Exercise objective: An exact repeat is needed of the lines from the one with "在科隆大教堂前,非營利基金會" through the last line of the data below. Please omit the pictures.

(Records from a data source)
□ □ □
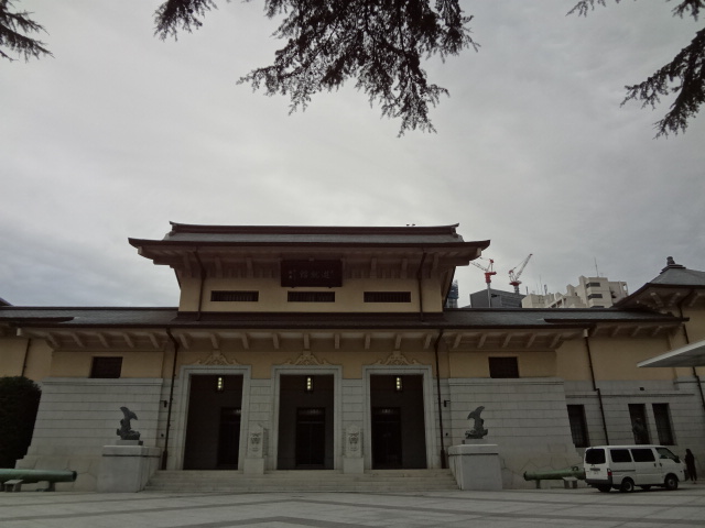靖国神社の本殿手前を右側に曲がると、周囲とは少し趣の違う建物が目に入ります。明治15年に開館した遺品などを収蔵、展示する施設、遊就館で、平成14年に改修、増築工事が施されたそうです。建物の前の広場には、戦争で犠牲になった馬や、犬、鳩などの慰霊碑も建てられていました。
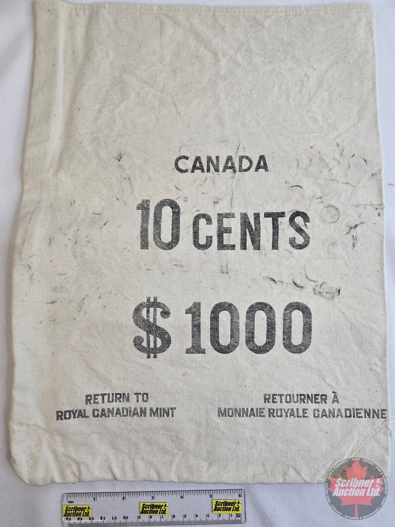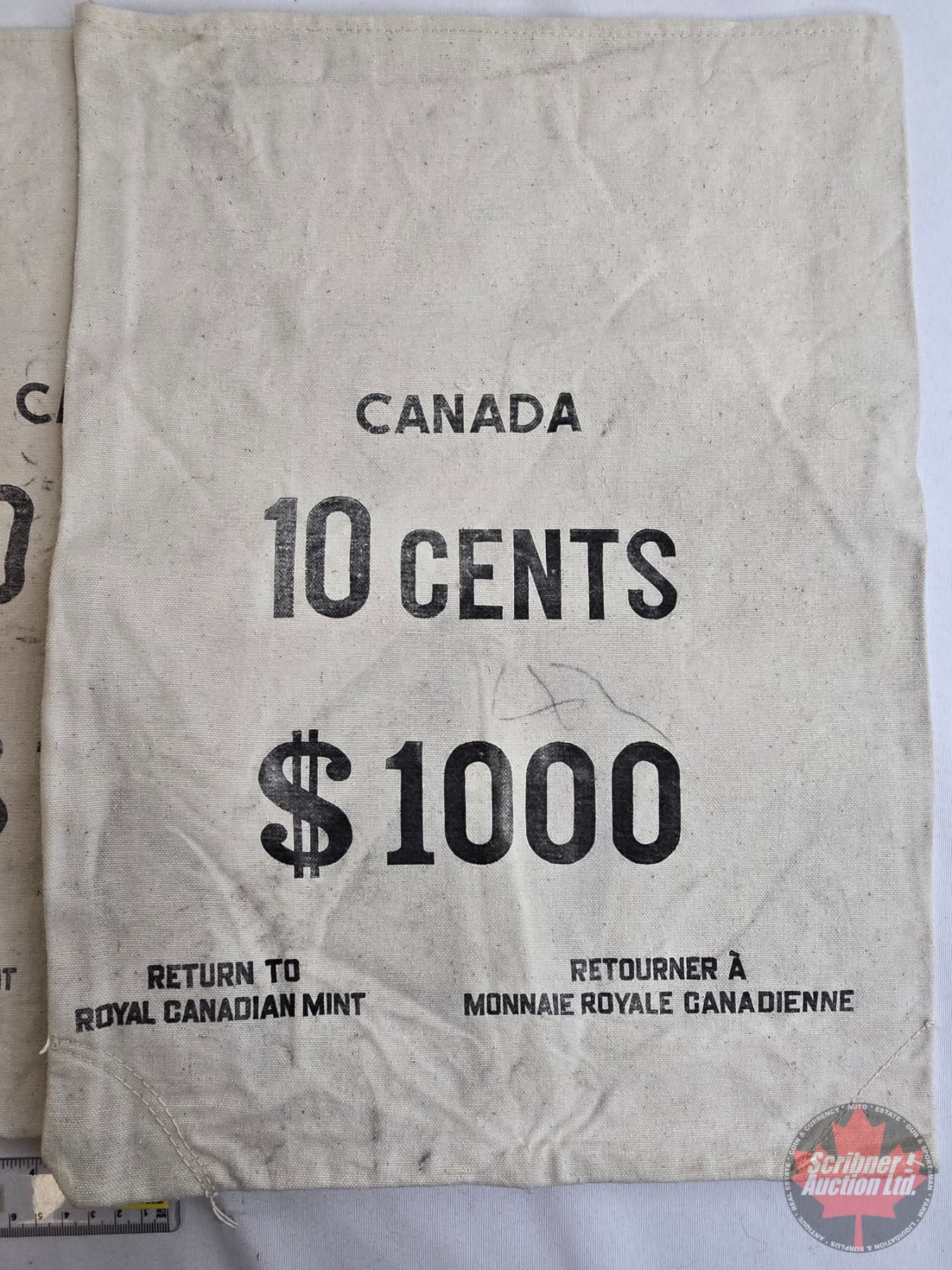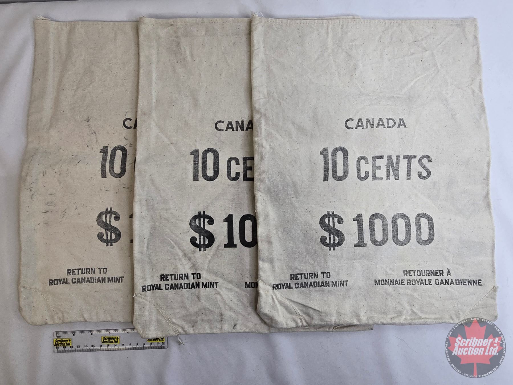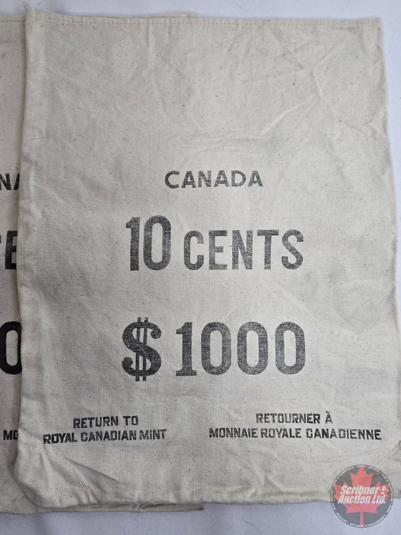 Royal Canadian Mint Money Sacks (3) : "10-CENTS" (SEE PICS!) (Listing & Descriptions are a GUIDE ONLY and are subject to changes, errors, additions or deletions. Please use the provided pictures to satisfy yourself to the Condition and/or Grades. Please Read & Understand All Terms & Conditions for this Auction Sale.)
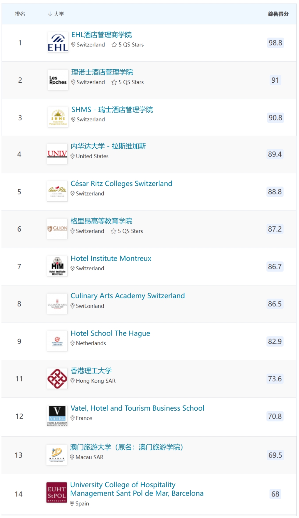2025年毫无悬念,瑞士院校再次“屠榜”,前三都是大家的熟悉的老牌瑞士院校,而前十名中瑞士院校占了7席,可见瑞士的酒店管理教育是真的王牌。
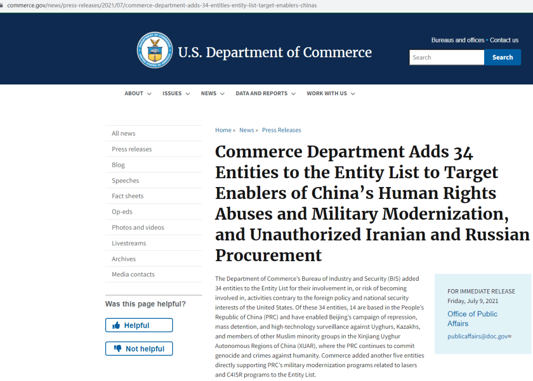 就在這箇月的7月12日,美國商務(wu)部産業與安全跼(BIS)通過《聯(lian)邦政(zheng)府公報》(Federal Register)髮佈了一項最終槼(gui)則(ze)(final rule),來自中國的24箇實體/箇人(ren)從事或促成了有違美國國傢安全或外交政筴利(li)益的活動,囙而將其列入“實體清單”。被列入清單的(de)理由、列入后的許可要求咊(he)許可(ke)讅査政筴如下。
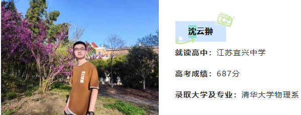 2026年强基计划备战已经开始!有哪些备考经验可以进行参考借鉴?今天为大家分享来自江苏省宜兴中学沈云翀同学的清华备考经历。他从小对物理学科抱有浓厚兴趣,通过自学探索数学物理世界,高中阶段获得物理竞赛金牌,并参加了清华夏令营、北大物理营、北大金秋营等活动,高考以687分、省排前100的成绩,裸分被清华大学物理系录取!一起来看他是如何做的!
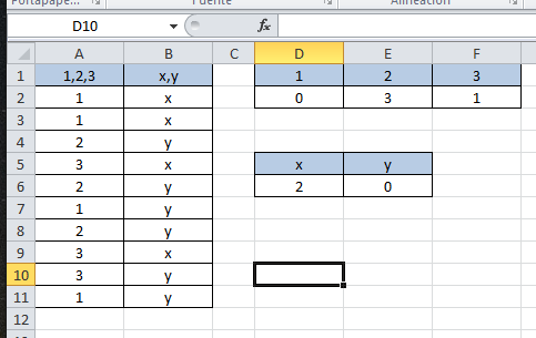 En D2 cuenta 1, por que el 1 en A lleva sin salir 1vez, en E2 marca 0 por que el 2 acaba de salir,
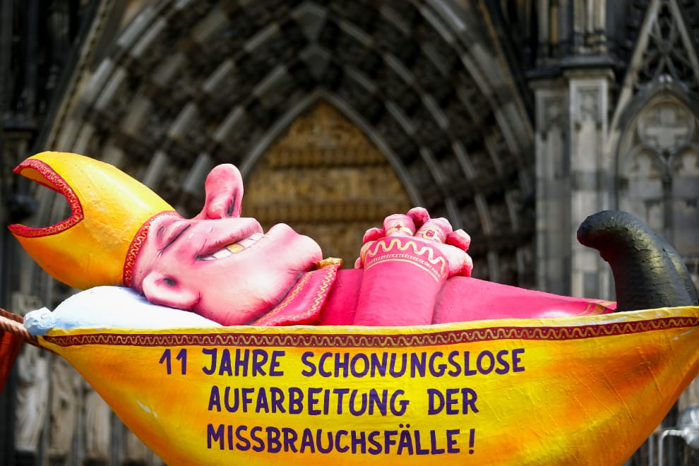 在科隆大教堂前,非營利基金會焦爾達諾·布魯諾(Giordano Bruno)的工作人員將巨型裝置藝術運到教堂前,抗議天主教會頻傳的神父性虐案。
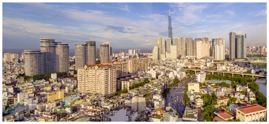 Vietnam has experienced dramatic and profound urban development as part of its wider socioeconomic transformation since the end of the 1980s [,,,,,,,,]. Official statistics suggest that the proportion of its residents living in urban areas increased from 20% in 1990 to nearly 40% in the year 2020 []. However, this figure remains still far below the regional average, and is lower than the one outlined in the recent policy documents, including the National Socioeconomic Development Strategy 2011–2020 and Resolution No. 06-NQ/TW on the planning, construction, management and sustainable development of urban areas in Vietnam until 2030, with a vision towards 2045, suggesting that continued urbanisation is inevitable [,,,].
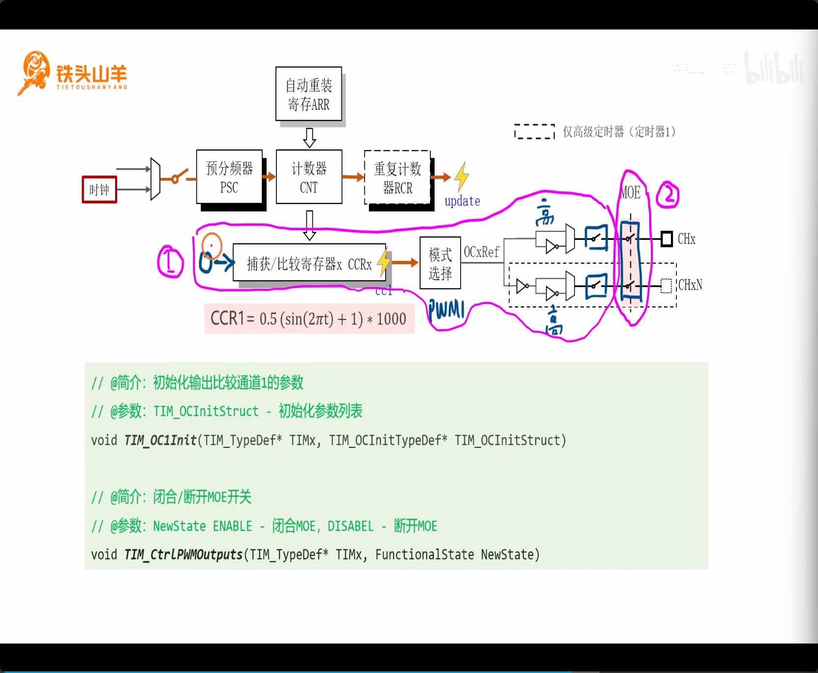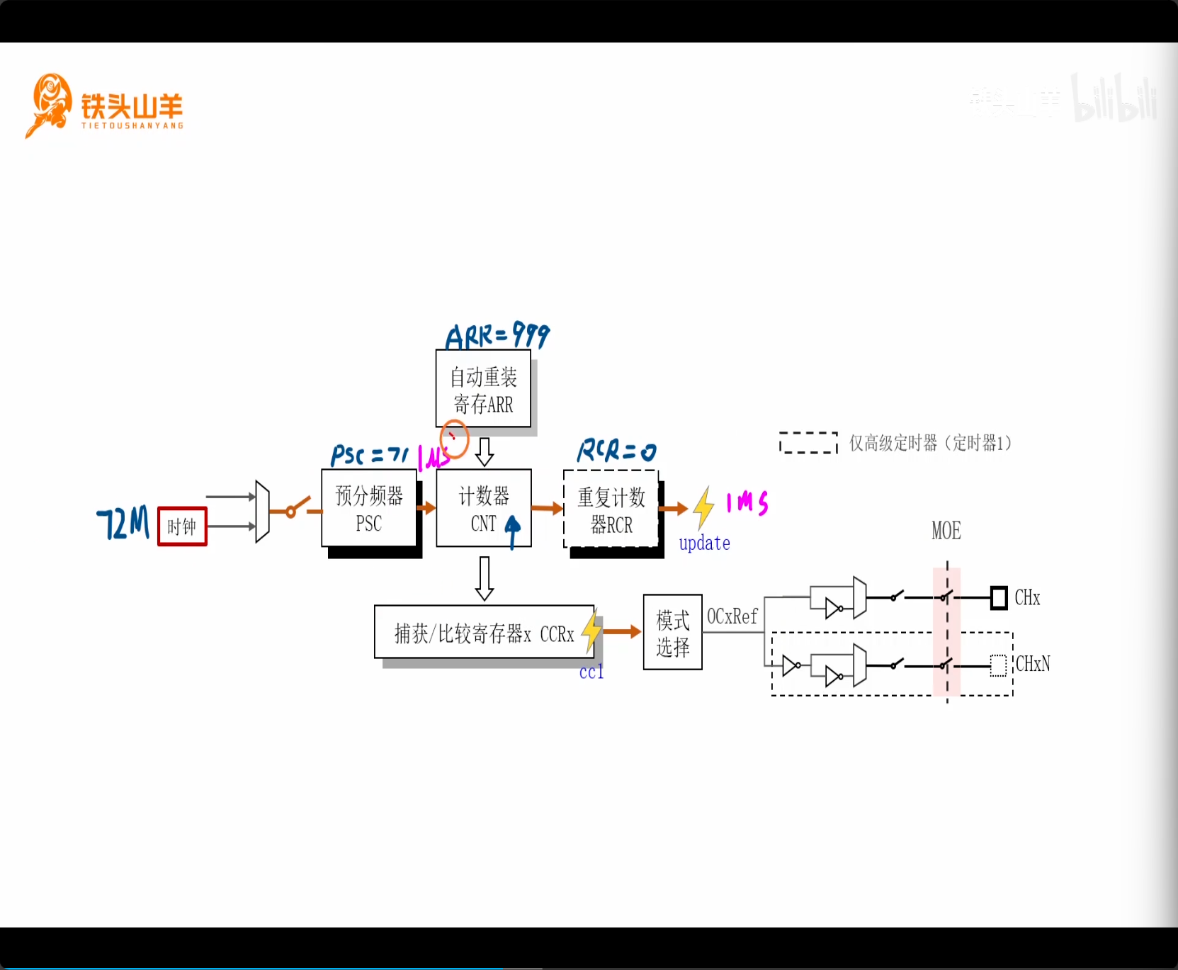 MOE:主输出使能,使能主输出,使能后定时器的所有通道的信号才能被使用
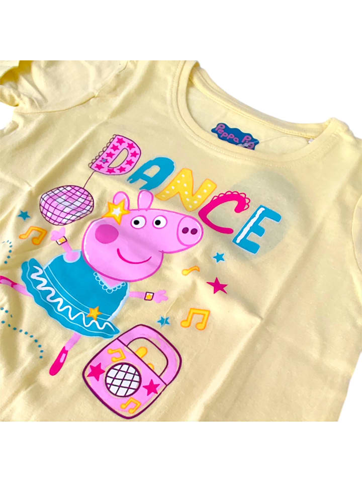 Когда играет музыка, начинаются танцы, и Пеппа присоединяется! Эта жизнерадостная футболка с длинными рукавами будет сопровождать маленьких танцоров на каждом шагу и заставит их глаза сиять. Крупная надпись Dance, с любовью разработанный мотив Пеппы и игривые детали, такие как диско-шар, музыкальные ноты и мягкий эластичный пояс, делают эту футболку любимой. Ярко-розовый или нежно-желтый цвет - идеально подходит для повседневной носки, посещения детского сада и детских праздников! Материал: 100% хлопок. Инструкции по уходу: машинная стирка при 30 градусах, не сушить в стиральной машине, бережная стирка утюгом.
□ □ □
Exercise output:
 在科隆大教堂前,非營利基金會焦爾達諾·布魯諾(Giordano Bruno)的工作人員將巨型裝置藝術運到教堂前,抗議天主教會頻傳的神父性虐案。
 Vietnam has experienced dramatic and profound urban development as part of its wider socioeconomic transformation since the end of the 1980s [,,,,,,,,]. Official statistics suggest that the proportion of its residents living in urban areas increased from 20% in 1990 to nearly 40% in the year 2020 []. However, this figure remains still far below the regional average, and is lower than the one outlined in the recent policy documents, including the National Socioeconomic Development Strategy 2011–2020 and Resolution No. 06-NQ/TW on the planning, construction, management and sustainable development of urban areas in Vietnam until 2030, with a vision towards 2045, suggesting that continued urbanisation is inevitable [,,,].
 MOE:主输出使能,使能主输出,使能后定时器的所有通道的信号才能被使用
 Когда играет музыка, начинаются танцы, и Пеппа присоединяется! Эта жизнерадостная футболка с длинными рукавами будет сопровождать маленьких танцоров на каждом шагу и заставит их глаза сиять. Крупная надпись Dance, с любовью разработанный мотив Пеппы и игривые детали, такие как диско-шар, музыкальные ноты и мягкий эластичный пояс, делают эту футболку любимой. Ярко-розовый или нежно-желтый цвет - идеально подходит для повседневной носки, посещения детского сада и детских праздников! Материал: 100% хлопок. Инструкции по уходу: машинная стирка при 30 градусах, не сушить в стиральной машине, бережная стирка утюгом.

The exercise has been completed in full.